YOUR OBJECTIVE :: Each line of the data below that includes the string "años" must be copied.
AVAILABLE DATA Block Start
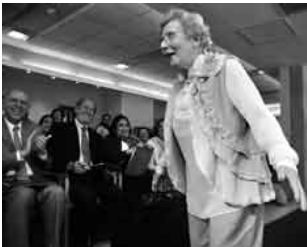
El desfile “Guapas”, con modelos de más de 80 años en la pasarela, en el centro residencial LAR.

bió enfrentar. “Sin saber nada tuve que estar capacitada para cuidar a mis padres durante muchos años. Hoy me doy cuenta del costo, tanto del tiempo como de la tarea dramática”, remarcó.
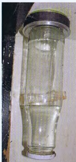
Geen standaardflesjes voor Wil, met magneten en oude flessen maak je je eigen drinksysteem.
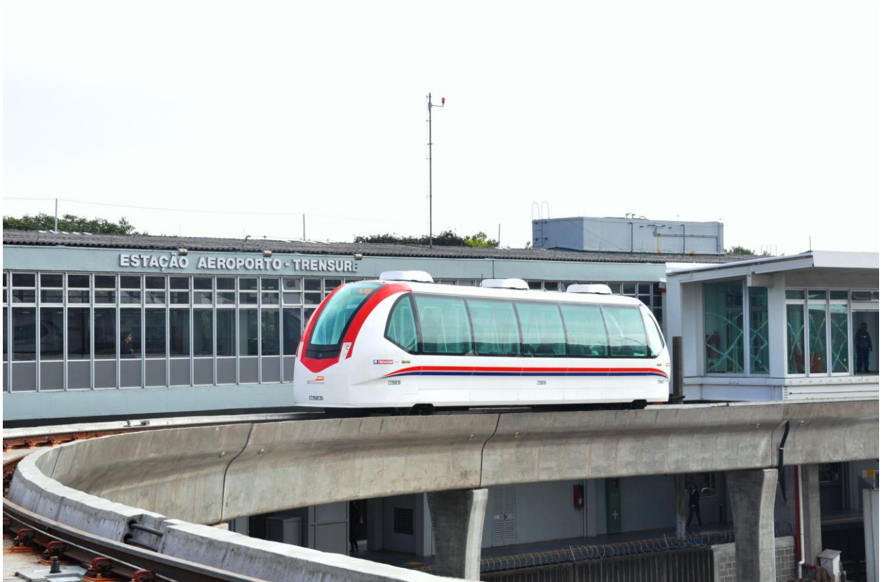
Foto: Aeromóvel que interliga a Estação Aeroporto do Metrô ao Terminal 1 do Aeroporto Internacional Salgado Filho, em Porto Alegre/RS.

Reavaliação do valor acordado que visa manter o equilíbrio econômico-financeiro quando este é rompido por fatores intervenientes.
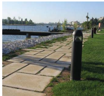
Figura 16: iluminação do percurso do Parque do Mondego por balizadores com proteção antifurto e design adequado. 13
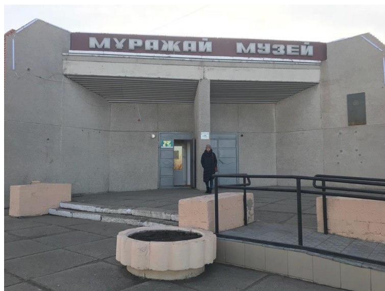
Рисунок Г.5 – Историко-Краеведческий музей города Рудный
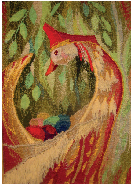
Рис. 4. Л. Д. Левина. Иненармунь. Ткачество, гобелен (2004 г.). 60×80
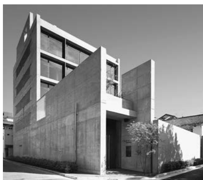
中央キャンパス IR (学術研究交流館) 阪神電車「鳴尾・武庫川女子大前駅」から5分
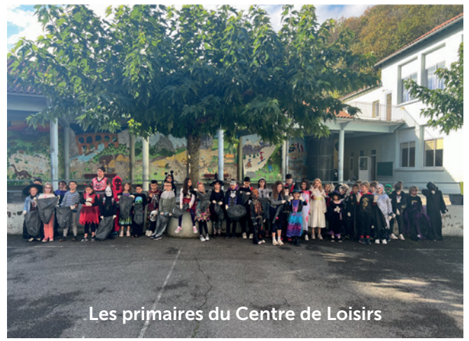
Les primaires du Centre de Loisirs

Tous les quinze jours, le vendredi matin dès 8h30, les parents des enfants fréquentant les écoles publiques maternelles et élémentaires de la ville se retrouvent, salle B, au-dessus de la médiathèque. Un lieu d'échanges, de rencontre, de réflexions, qui permet d'aborder différents sujets sur la vie familiale au quotidien et sur l'éducation des enfants dans le respect des opinions de chacun et en toute convivialité.
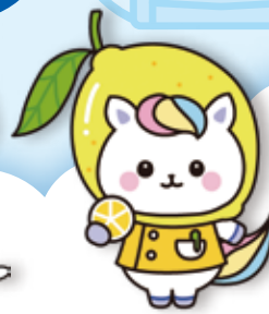
広島県看護協会 「看護の日」キャラクター かんごちゃん (広島県バージョン)
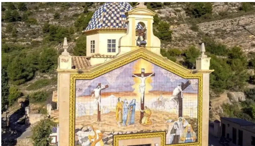
Ermita del calvario capilla
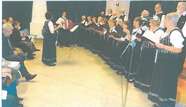
Mondschein-Chor ist „Stolz von Sepsárd 2017“

„Mondschein“ Deutscher Nationalitätenchor erhielt Auszeichnung von der Stadt Sepsárd
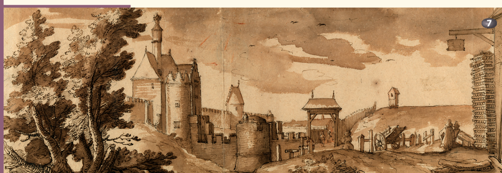
Porte de Namur Naamsepoort

Démolie en 1782, la porte de Namur barrait un tronçon de la chaussée médiévale (rue de Namur) permettant d'accéder au quartier du Coudenberg. Celui-ci était dominé par le palais dont Cantagallina représente la chapelle gothique depuis les jardins de l'hôtel d'Hoogstraeten. C'est également à partir de cette prestigieuse demeure qu'il réalise une vue du jardin des arbalétriers qui disparaîtra lors de la création de la rue Ravenstein (1911-1913). Les vestiges de la chapelle et de l'hôtel d'Hoogstraeten font désormais partie du site archéologique du palais du Coudenberg incendié en 1731 ; les ruines de cet ensemble ont été rasées dans les années 1770 lors de la création de l'actuelle place Royale.
AVAILABLE DATA Block End
THE COMPLETED TASK ::
El desfile “Guapas”, con modelos de más de 80 años en la pasarela, en el centro residencial LAR.
bió enfrentar. “Sin saber nada tuve que estar capacitada para cuidar a mis padres durante muchos años. Hoy me doy cuenta del costo, tanto del tiempo como de la tarea dramática”, remarcó.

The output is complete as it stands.